AIM OF THE TASK: Print what the records say exactly, and omit the pictures.

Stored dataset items

__________

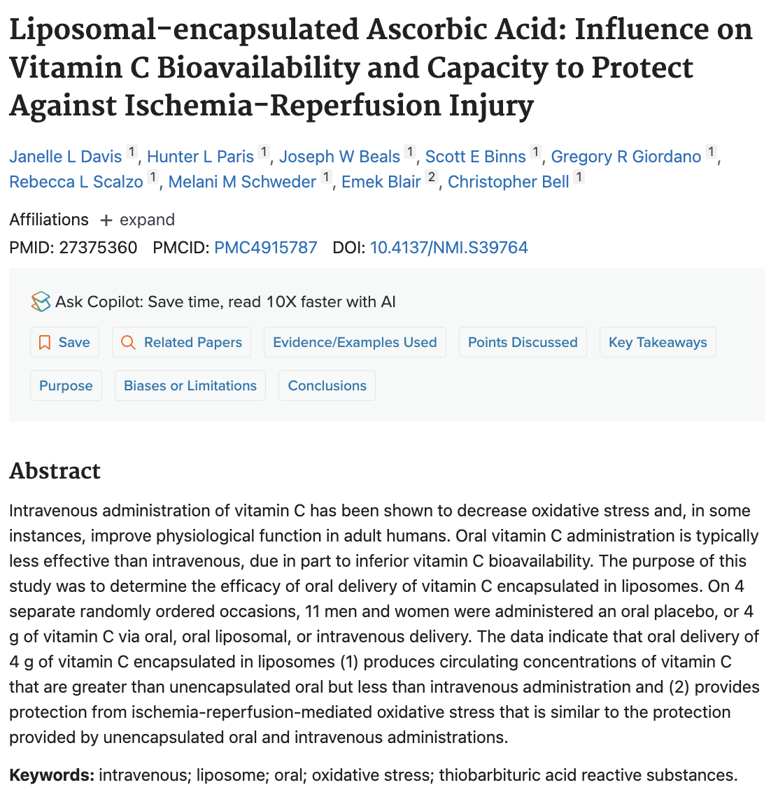 この研究の目的は、リポソームに包まれたビタミンCの経口投与の効果を明らかにすることであった。11人の男女が、4回にわたりランダムに順序が決められた条件で、経口プラセボ、経口ビタミンC4g、リポソーム化経口ビタミンC4g、または静脈内投与でビタミンCを投与された。
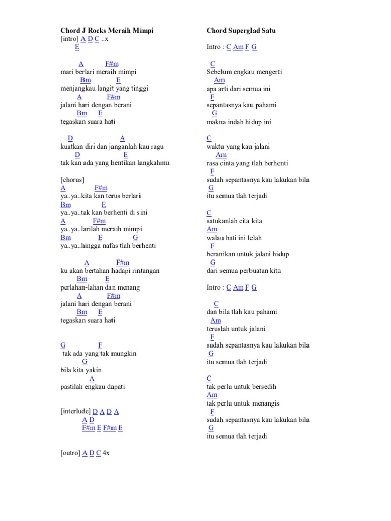 Chord J Rocks Meraih Mimpi Chord Gitar Indonesia Kumpulan
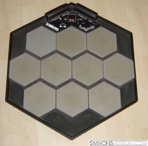 The Turtle Trap is one of the last Simmons products ever produced in series, built in 1994. It is a multi pad midi controller comprising 10 trigger zones as well as 7 jacks for external pad connection. A HiHat controller can be plugged as well. Each trigger can be assigned to a midi note and these assignments can be organized and stored in up to 60 patches. The Turtle Trap can eather be mounted on a Pearl compatible tom arm or just be used as a desktop device standing on 4 rubber feet.
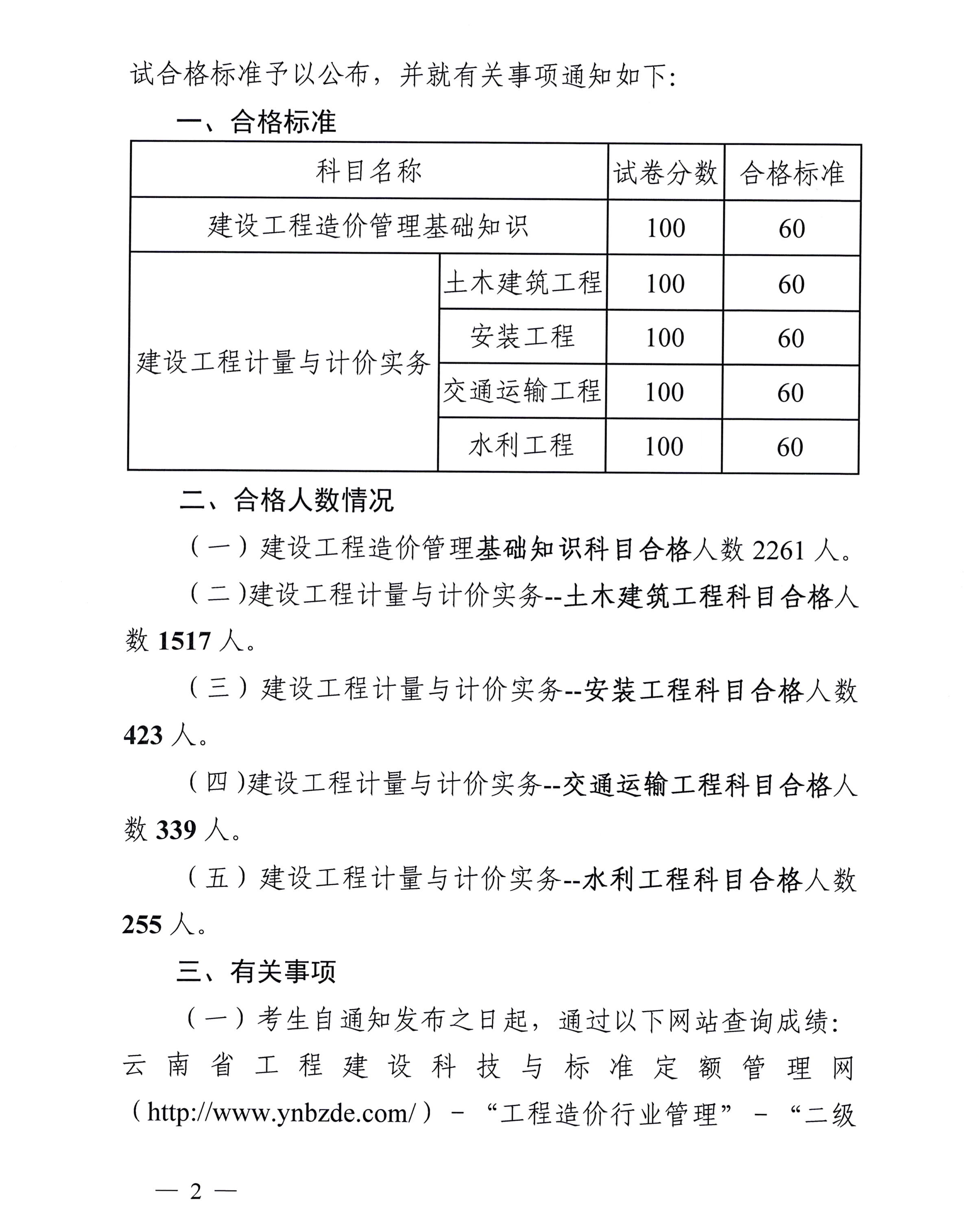- · 云南省2022年度二级造价师考试成绩合格标准均为60分
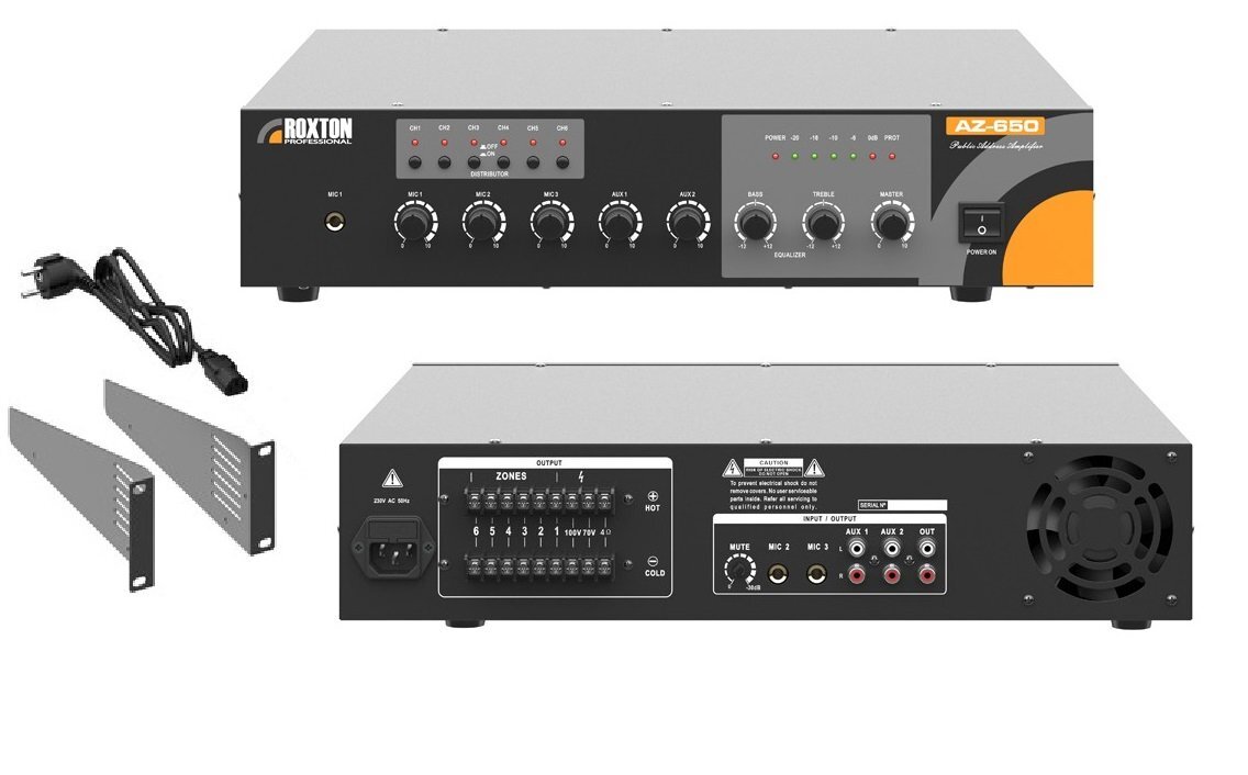 Трансляционный усилитель ROXTON AZ-650 мощностью 650Вт на 6 зон трансляции используется для создания систем оповещения и громкой связи.

__________

FINISHED EXERCISE:
 この研究の目的は、リポソームに包まれたビタミンCの経口投与の効果を明らかにすることであった。11人の男女が、4回にわたりランダムに順序が決められた条件で、経口プラセボ、経口ビタミンC4g、リポソーム化経口ビタミンC4g、または静脈内投与でビタミンCを投与された。
 Chord J Rocks Meraih Mimpi Chord Gitar Indonesia Kumpulan
 The Turtle Trap is one of the last Simmons products ever produced in series, built in 1994. It is a multi pad midi controller comprising 10 trigger zones as well as 7 jacks for external pad connection. A HiHat controller can be plugged as well. Each trigger can be assigned to a midi note and these assignments can be organized and stored in up to 60 patches. The Turtle Trap can eather be mounted on a Pearl compatible tom arm or just be used as a desktop device standing on 4 rubber feet.
- · 云南省2022年度二级造价师考试成绩合格标准均为60分
 Трансляционный усилитель ROXTON AZ-650 мощностью 650Вт на 6 зон трансляции используется для создания систем оповещения и громкой связи.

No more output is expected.